*** Block opens ***

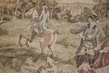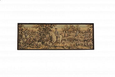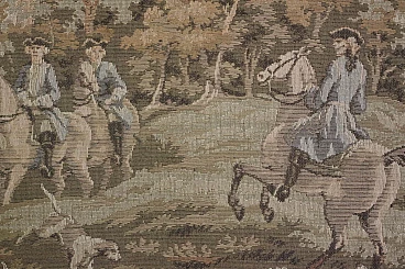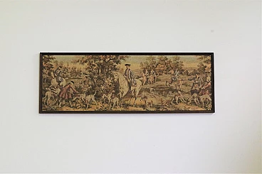 Wall tapestry with wooden frame. Light wear due to age and use.
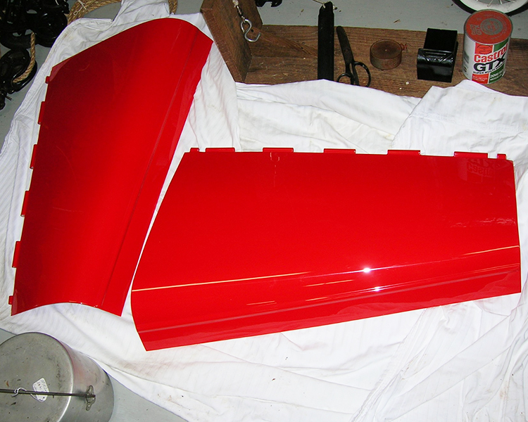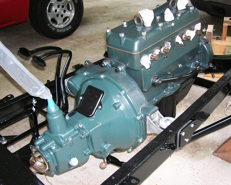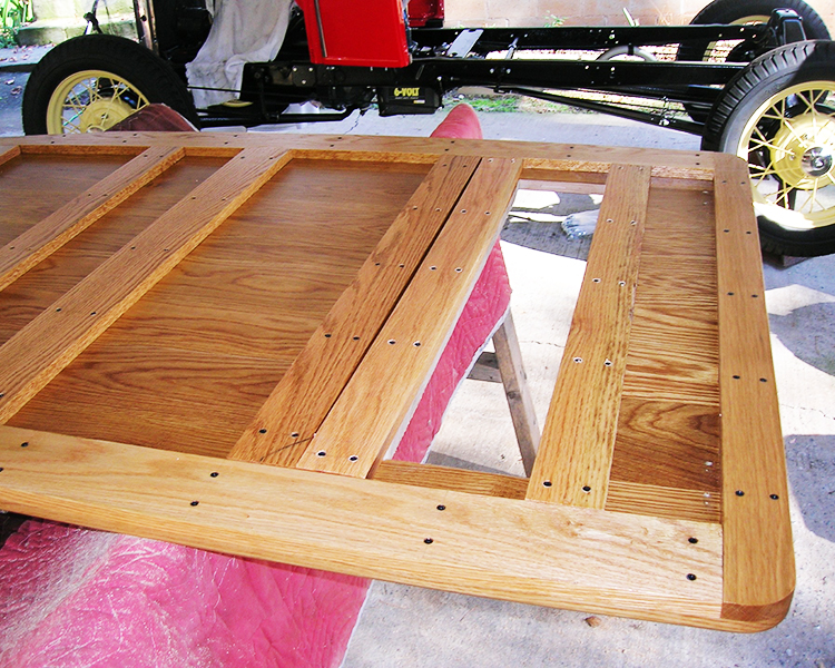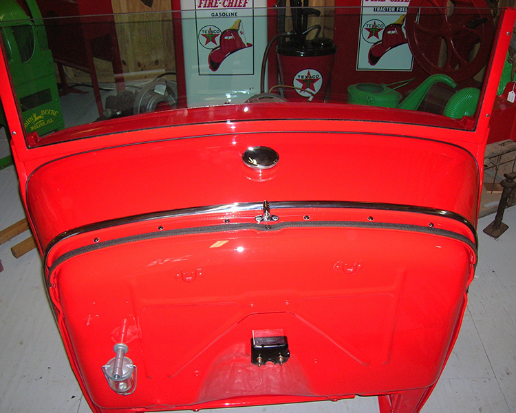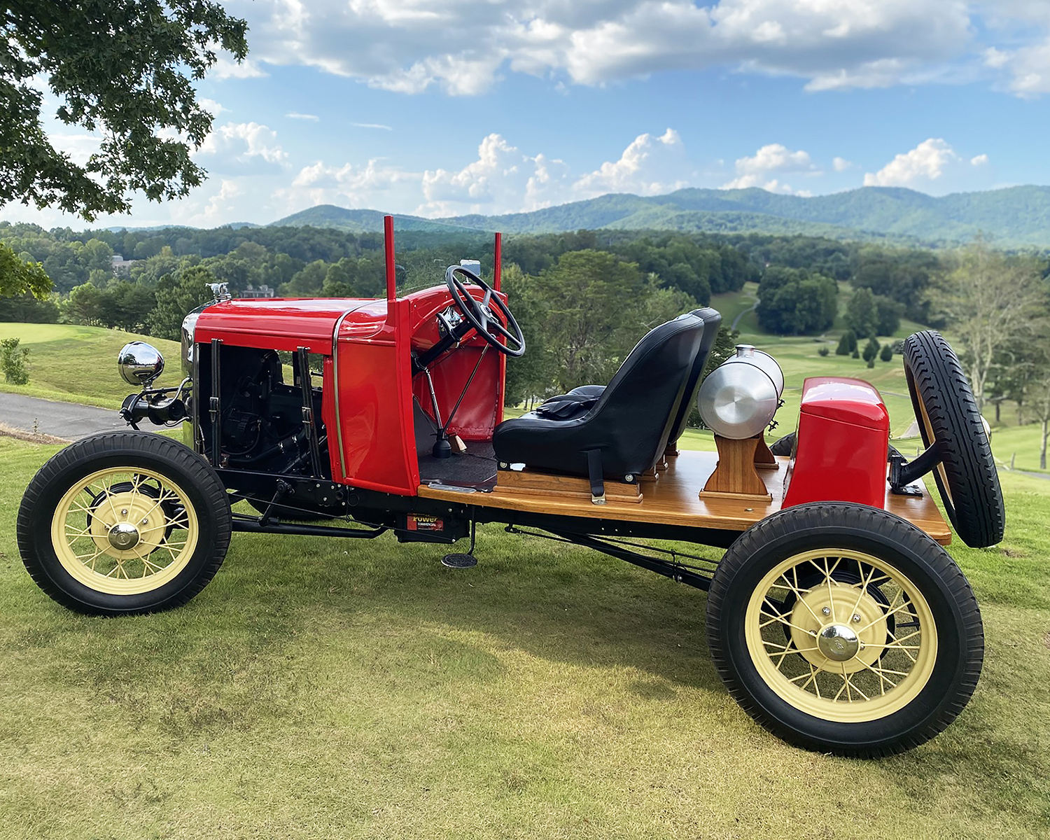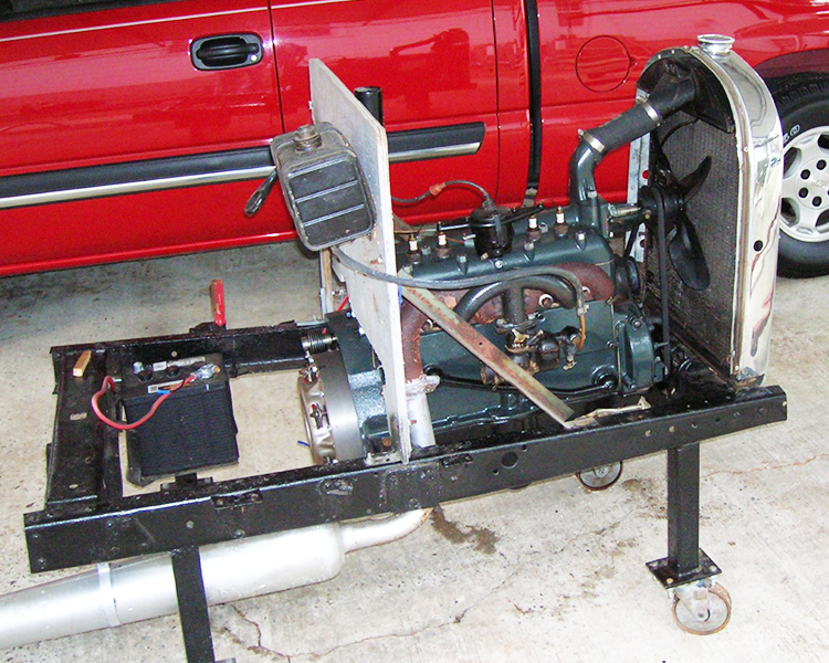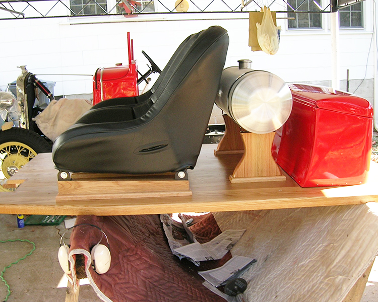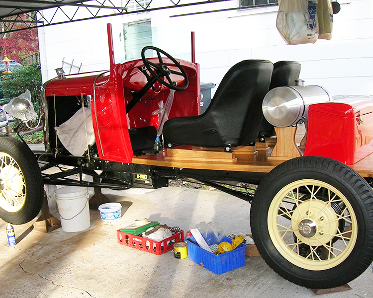 Around 2008 I found a rolling chassis and bought it. My goal was to keep the build simple. I built the bed, gas tank risers and seat rails out of white oak lumber. I used a standard Model A windshield frame and cut it down two ½ inches. I took a Model A trunk and cut four ½ inches off of it and put a raised floor in it to allow for the rear spring. I used a dune buggy gas tank and seats and Walmart men’s belts for hood tie downs. The only modifications to the drive train are high compression head and high speed rear end. The paint is Dodge Viper Red. After getting the body parts back from the paint shop, I was storing the hood halves on the floor in a small building to keep from getting them damaged and one day I was in the building getting something and my rear end hit a shelf that wasn’t secured, and some heavy electrical meters fell off the shelf damaging the hood halves. So, it was back to the body shop for repairs.
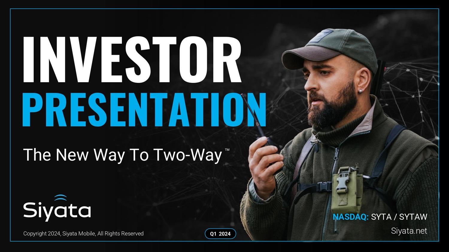 INVESTOR PRESENTATION Copyright 202 4 , Siyata Mobile, All Rights Reserved Q 1 202 4 NASDAQ: SYTA / SYTAW Siyata.net The New Way To Two - Way TM

*** Block closes ***

• **TASK STATEMENT**: Please give the data again in full, exactly as written, but without any images.

• **RESPONSE FOR THIS EXERCISE**:
 Wall tapestry with wooden frame. Light wear due to age and use.
 Around 2008 I found a rolling chassis and bought it. My goal was to keep the build simple. I built the bed, gas tank risers and seat rails out of white oak lumber. I used a standard Model A windshield frame and cut it down two ½ inches. I took a Model A trunk and cut four ½ inches off of it and put a raised floor in it to allow for the rear spring. I used a dune buggy gas tank and seats and Walmart men’s belts for hood tie downs. The only modifications to the drive train are high compression head and high speed rear end. The paint is Dodge Viper Red. After getting the body parts back from the paint shop, I was storing the hood halves on the floor in a small building to keep from getting them damaged and one day I was in the building getting something and my rear end hit a shelf that wasn’t secured, and some heavy electrical meters fell off the shelf damaging the hood halves. So, it was back to the body shop for repairs.
 INVESTOR PRESENTATION Copyright 202 4 , Siyata Mobile, All Rights Reserved Q 1 202 4 NASDAQ: SYTA / SYTAW Siyata.net The New Way To Two - Way TM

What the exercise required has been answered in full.